Big Data 12 min read

Design and Implementation of a Seller Log System Using Kafka, Storm, Elasticsearch, and HBase

This article describes the design and implementation of a seller log system, detailing the use of Kafka for high‑throughput messaging, Storm for real‑time stream processing, Elasticsearch for hot‑data search, and HBase for cold‑data storage, along with challenges faced and optimization solutions.

Architecture Digest
Architecture Digest
Architecture Digest
Design and Implementation of a Seller Log System Using Kafka, Storm, Elasticsearch, and HBase

Introduction: The article explains how a comprehensive seller log system was built, covering the technologies chosen, reasons for those choices, encountered problems, and optimization steps to provide practical reference for similar implementations.

Business Scenario: Multiple business systems (orders, products, etc.) previously logged data independently with varied formats, making it difficult for merchants and operations to query logs. A unified log platform was created to allow all teams to ingest logs, grant permission‑based access, and enable merchants and operators to troubleshoot independently.

Overall Design: The flow consists of a log client, Kafka cluster, Storm consumer, Elasticsearch for hot data, and HBase for cold data.

Technical Points:

Kafka – a high‑throughput distributed publish‑subscribe messaging system.

Storm – an open‑source distributed real‑time stream processing framework.

Elasticsearch – a Lucene‑based distributed search server providing fast, multi‑condition queries.

HBase – a column‑oriented, highly reliable, scalable storage system built on Hadoop HDFS, suitable for massive structured data.

Log Client: Provides a unified API similar to Log4j, simplifying integration. It writes logs locally using NIO memory‑mapped files, then asynchronously pushes them to Kafka, ensuring minimal impact on business latency and guaranteeing durability.

Why Kafka: Kafka offers high throughput, fault‑tolerant distributed messaging, supports multiple languages, provides real‑time delivery, and enables seamless producer‑consumer decoupling, making it ideal for the bursty, non‑steady nature of log data.

Kafka Application Scenarios and Advantages:

Continuous messaging with O(1) disk structure for massive data.

Million‑level messages per second on commodity hardware.

Partitioned, ordered consumption across clusters.

Multi‑language client support.

Immediate consumption after production, enabling event‑driven architectures.

Storm Application: Logs are streamed from Kafka to Storm, where they are validated, transformed, and finally persisted.
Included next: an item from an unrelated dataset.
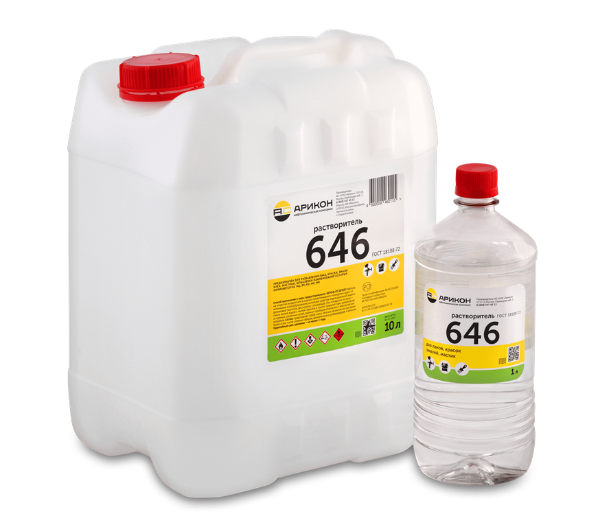 Растворитель для обезжиривания 646 имеет резкий, токсичный запах. Визуально выглядит как легкая желтоватая жидкость. Изначально растворитель использовался для разбавления краски и иных красящих составов, но в дальнейшем получил распространение как хороший обезжириватель поверхностей.

The topology includes validation bolts and an insert bolt that writes to storage.

Data Storage Handling: Hot (recent) logs are stored in Elasticsearch for rich query capabilities, while older (cold) logs are archived in HBase to reduce ES load and maintain query performance over billions of daily records.

Problems Encountered: Growing data volume strained query performance and insertion speed; the shared Kafka cluster could not sustain the high write rate from many clients.

Solution: Business‑level separation – high‑traffic services like orders and products received dedicated Kafka, Elasticsearch, and HBase clusters, isolating their load and improving overall performance. Future plans include feeding HBase data into a data‑mart for broader analytics.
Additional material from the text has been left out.